=== Begin Enclosure ===

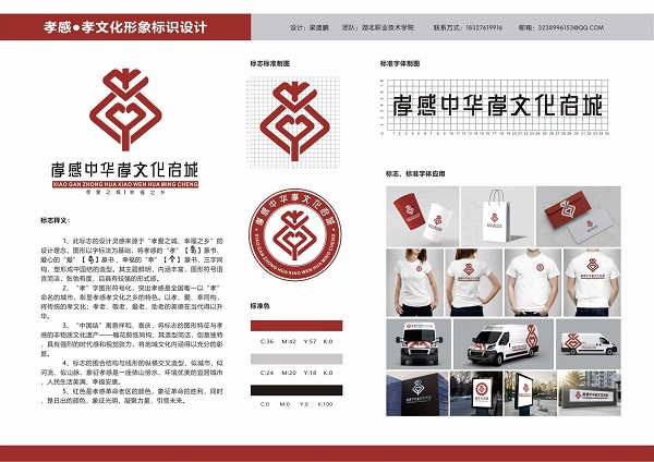 梁遗鹏副教授的作品,设计灵感来源于“孝爱之城、幸福之乡”,图形以字标法为基础,将孝感的“孝”( 篆书)、爱心的“爱”(篆书),与幸福的“幸”(篆书),三字同构,塑形成中国结的造型,主题鲜明,内涵丰富,图形符号语言简洁,张弛有度,且具有较强的形式感。“孝”字图形符号化,突出孝感是全国唯一以“孝”命名的地级市,彰显孝感作为中国孝文化之乡的特色。以孝、爱、幸同构,将传统的孝文化;孝老、敬老、爱老、助老的美德在当代得以升华。“中国结”寓意祥和、喜庆,将标志的图形特征与孝感的非物质文化遗产——雕花剪纸同构,造型简洁,创意独特,具有强烈的时代感和视觉张力,将中华孝文化内涵充分彰显。标志的围合结构与线形的纵横交叉造型,似城市,似河流、似山脉,象征孝感是一座依山傍水,环境优美的宜居城市,人民生活美满、幸福安康。红色是孝感作为英雄之城的颜色,象征胜利光明,凝聚奋进力量,价值引领未来。
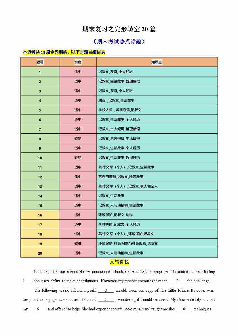 高一英语上学期期末复习之完形填空20篇(期末热点话题)(外研版)(原卷版)
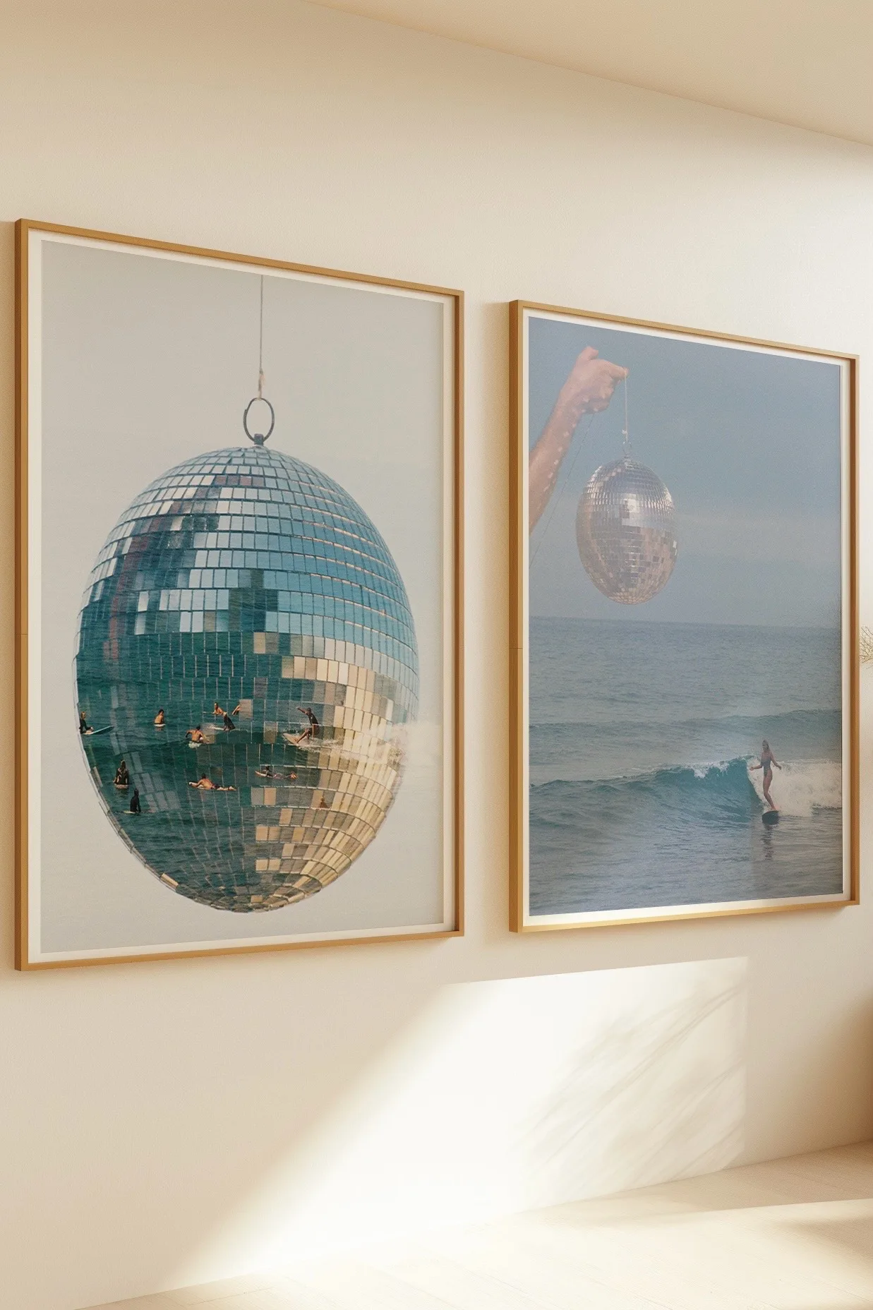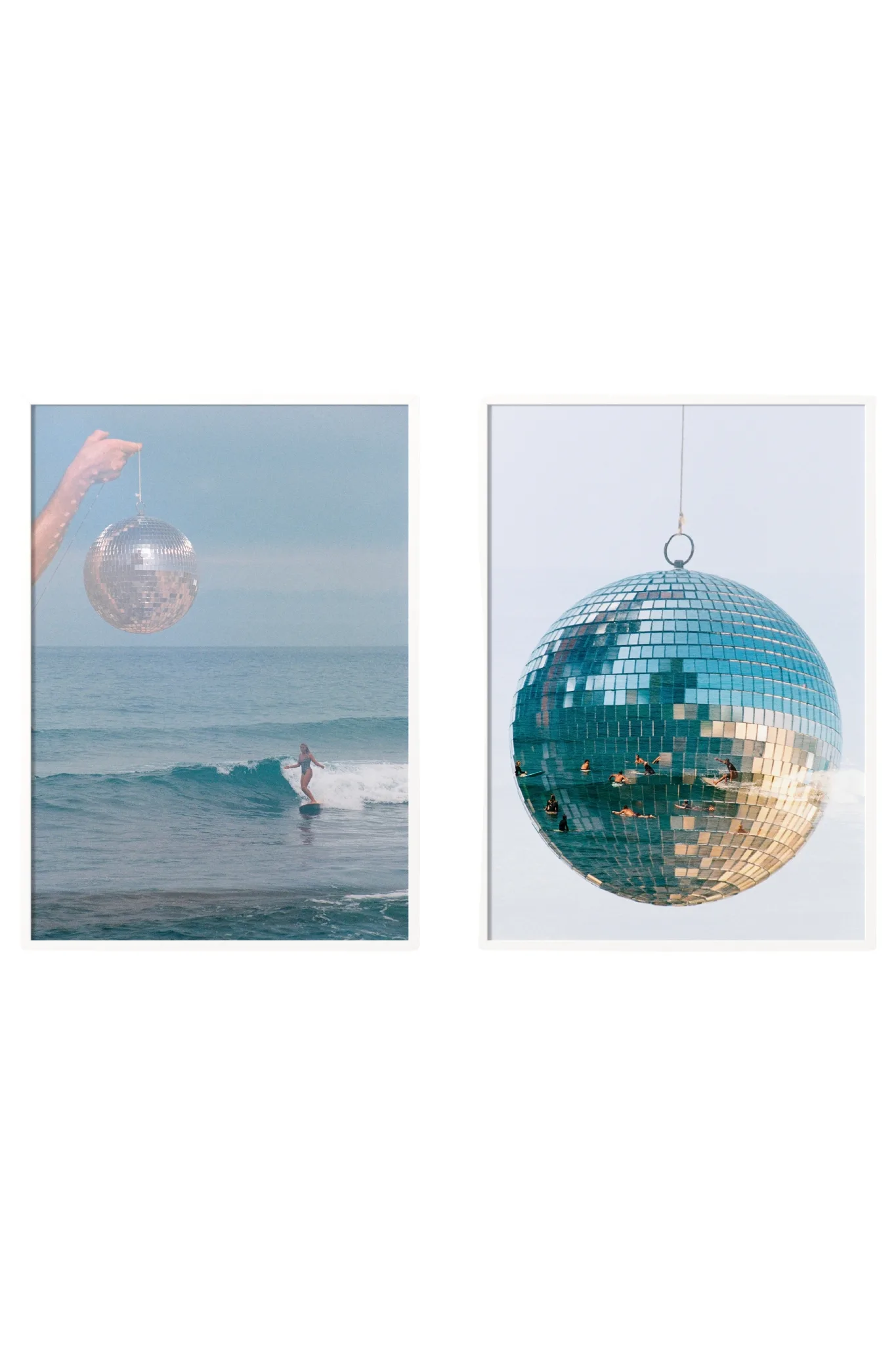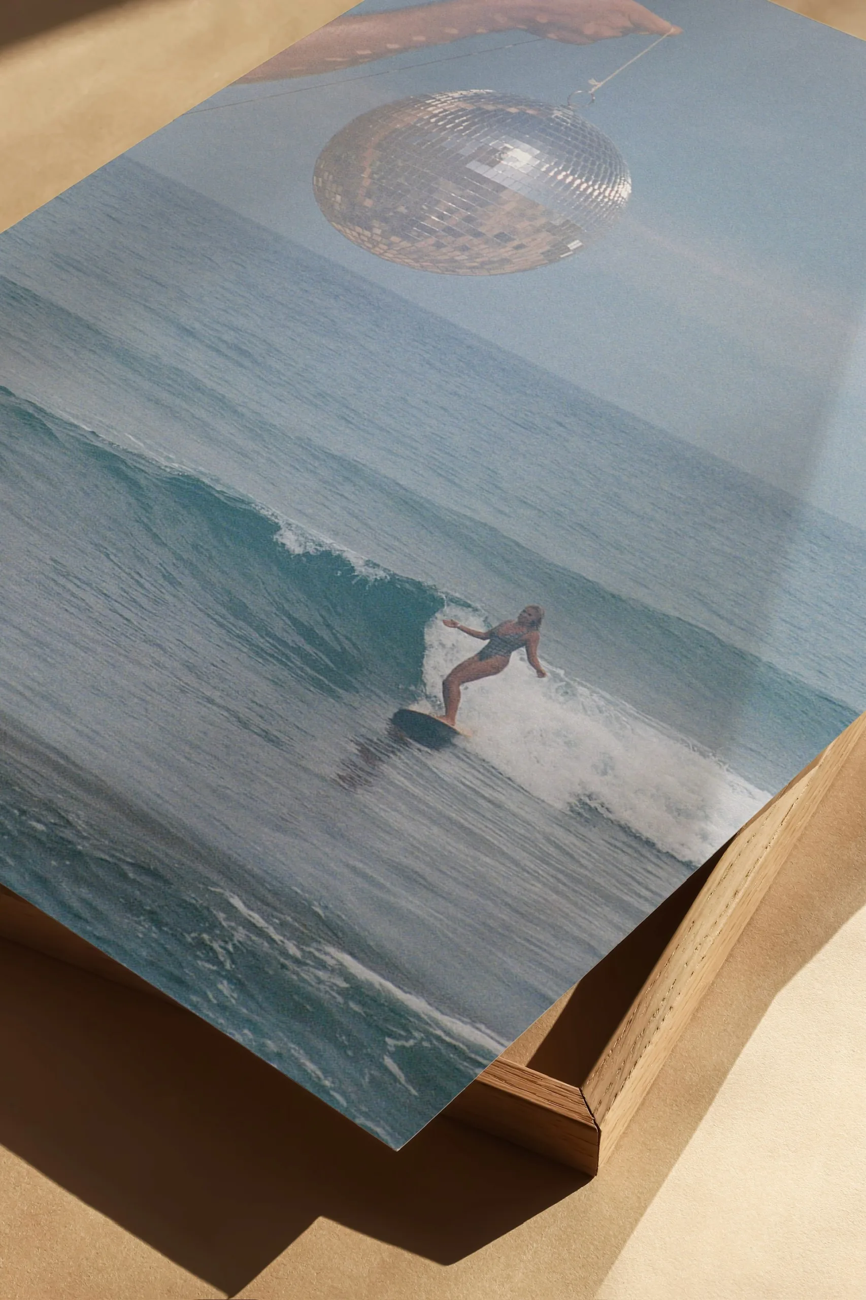 Collector’s pairing curated by Alexandra, blending the sun-soaked spirit of 1970s beach culture with the electric glamour of Studio 54. Captured on analogue film and printed on textured matte archival paper, each piece carries the dreamy nostalgia of a Californian disco era. Designed to live together as an unframed collector’s set, this duo evokes the energy of an era reimagined through a surreal lens. Gallery-grade oak frames are offered separately on individual art print pages. Every set sold supports the Ovarian Cancer Research Foundation with a $1 donation.
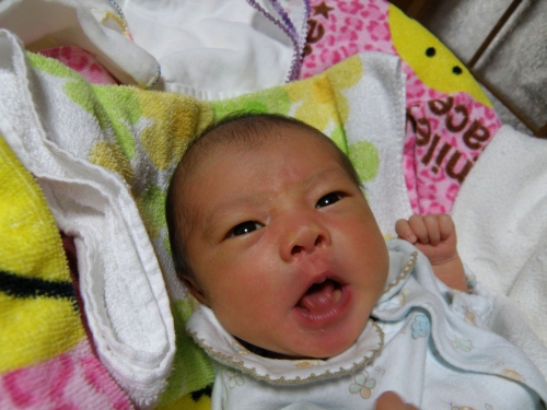 生後1ヶ月の息子がんばって大きくなるぞ!オー!!と意気込んでいるかのようやんちゃでもいい、たくましく大きくなぁれ!

=== End Enclosure ===

> _TASK_
If you see a picture in the listing, skip it while copying everything else exactly.

> _SOLUTION TO THIS EXERCISE_
 梁遗鹏副教授的作品,设计灵感来源于“孝爱之城、幸福之乡”,图形以字标法为基础,将孝感的“孝”( 篆书)、爱心的“爱”(篆书),与幸福的“幸”(篆书),三字同构,塑形成中国结的造型,主题鲜明,内涵丰富,图形符号语言简洁,张弛有度,且具有较强的形式感。“孝”字图形符号化,突出孝感是全国唯一以“孝”命名的地级市,彰显孝感作为中国孝文化之乡的特色。以孝、爱、幸同构,将传统的孝文化;孝老、敬老、爱老、助老的美德在当代得以升华。“中国结”寓意祥和、喜庆,将标志的图形特征与孝感的非物质文化遗产——雕花剪纸同构,造型简洁,创意独特,具有强烈的时代感和视觉张力,将中华孝文化内涵充分彰显。标志的围合结构与线形的纵横交叉造型,似城市,似河流、似山脉,象征孝感是一座依山傍水,环境优美的宜居城市,人民生活美满、幸福安康。红色是孝感作为英雄之城的颜色,象征胜利光明,凝聚奋进力量,价值引领未来。
 高一英语上学期期末复习之完形填空20篇(期末热点话题)(外研版)(原卷版)
 Collector’s pairing curated by Alexandra, blending the sun-soaked spirit of 1970s beach culture with the electric glamour of Studio 54. Captured on analogue film and printed on textured matte archival paper, each piece carries the dreamy nostalgia of a Californian disco era. Designed to live together as an unframed collector’s set, this duo evokes the energy of an era reimagined through a surreal lens. Gallery-grade oak frames are offered separately on individual art print pages. Every set sold supports the Ovarian Cancer Research Foundation with a $1 donation.
 生後1ヶ月の息子がんばって大きくなるぞ!オー!!と意気込んでいるかのようやんちゃでもいい、たくましく大きくなぁれ!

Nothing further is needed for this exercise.